Many a time mutual quarrels perturb the persons who claim to be wise. When this happens, they take recourse to lowly and superficial things and sometimes indulge in dangerous acts which only increase difficulties. When a man is displeased, his eyes become prejudiced. Such eyes do not appreciate the beauty of the peacock, for they only see its ugly feet and claws.
If a slight defect is present, he makes a mountain out of a molehill. And sometimes the internal rancor and jealousy affect him so badly that he does not hesitate in inventing imaginary stories. Islam disapproves of all these manifestations of ill-feeling. In fact, avoiding them has been declared as the most virtuous form of worship.
The Prophet (peace be upon him) said: “Listen, may I not tell you something more important than Salah, fasting, and charity?” The people requested him to do so. He said:
“To keep the mutual relationship on the right footing, because a defect in a mutual relationship is a thing which shaves a thing clean. I do not mean that it shaves the hair, but that it shaves (removes) the religion.” (Al-Tirmidhi)

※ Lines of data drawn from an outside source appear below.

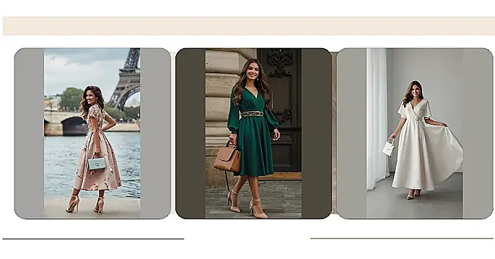 This outfit is more than just a dress; it’s a whole mood! You could wear it to a fancy dinner, a museum visit, or even just hanging out with friends at a cute café. Plus, the bag and shoes totally match the classy, Parisian style. It’s like the ultimate “I woke up like this… fabulous” look, but actually planned out really well!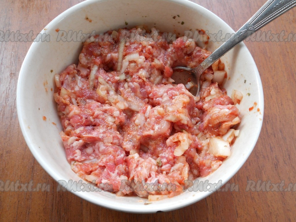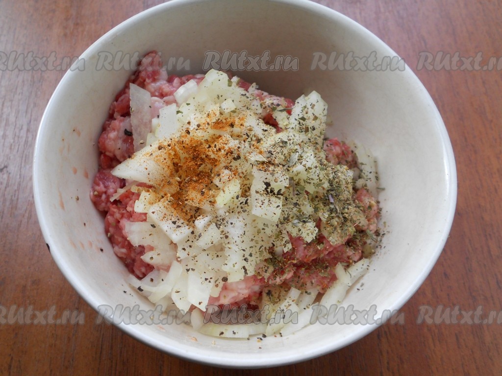 К мясному фаршу добавить мелко нарезанный репчатый лук, соль, специи, черный свежемолотый перец и паприку.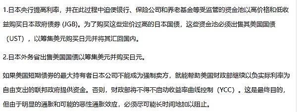 如果日本央行真的必须提高利率以缩小美元兑日元的利差,他们首先会迫使国内受监管资本(银行、保险公司和养老基金)购买日本国债。为此,这些实体将出售以美元计价的国外资产,主要是美国国债和美国短期债券,用这些美元购买日元,然后从日本央行购买负实际收益率的高价日本国债。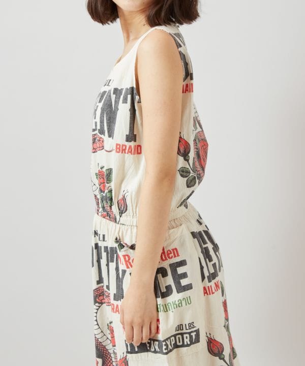 【タイ直輸入】鮮やかな広告柄が全面に施されたジャンパースカート。カジュアルでポップなテキスタイルが存在感を放ち、一枚でコーデが完成。他とは違う個性派デザインを楽しみたい方におすすめ。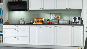 mattweiße Lacklaminatfronten, kombiniert mit schwarzer Steinstruktur-Nachbildung

Satan may not be able to persuade wise men to worship idols, but since he is very keen to misguide and ruin men, he manages to succeed in driving them away from Allah, so much so that these wise men become more indifferent in respecting the rights of Allah than the idolaters themselves! The method the devil uses best for this purpose is that he sows seeds of enmity in the hearts of people. When this enmity develops into a fire that results in open hostility, he enjoys the scene. This fire burns man’s present and future into ashes and totally destroys his relationship and virtues.
The Messenger of Allah (peace be upon him) said: “Satan has been disappointed that he would not be worshipped in the Arabian Peninsula, but he has not been disappointed from kindling the fire of fighting among the people.” (Sahih Muslim)
This happens when wickedness takes roots in the hearts, so people start hating love and brotherhood. When such virtues are destroyed, people revert to cruelty and enmity. They break all relations and ties that Allah has commanded to be upheld and end up spreading corruption on earth.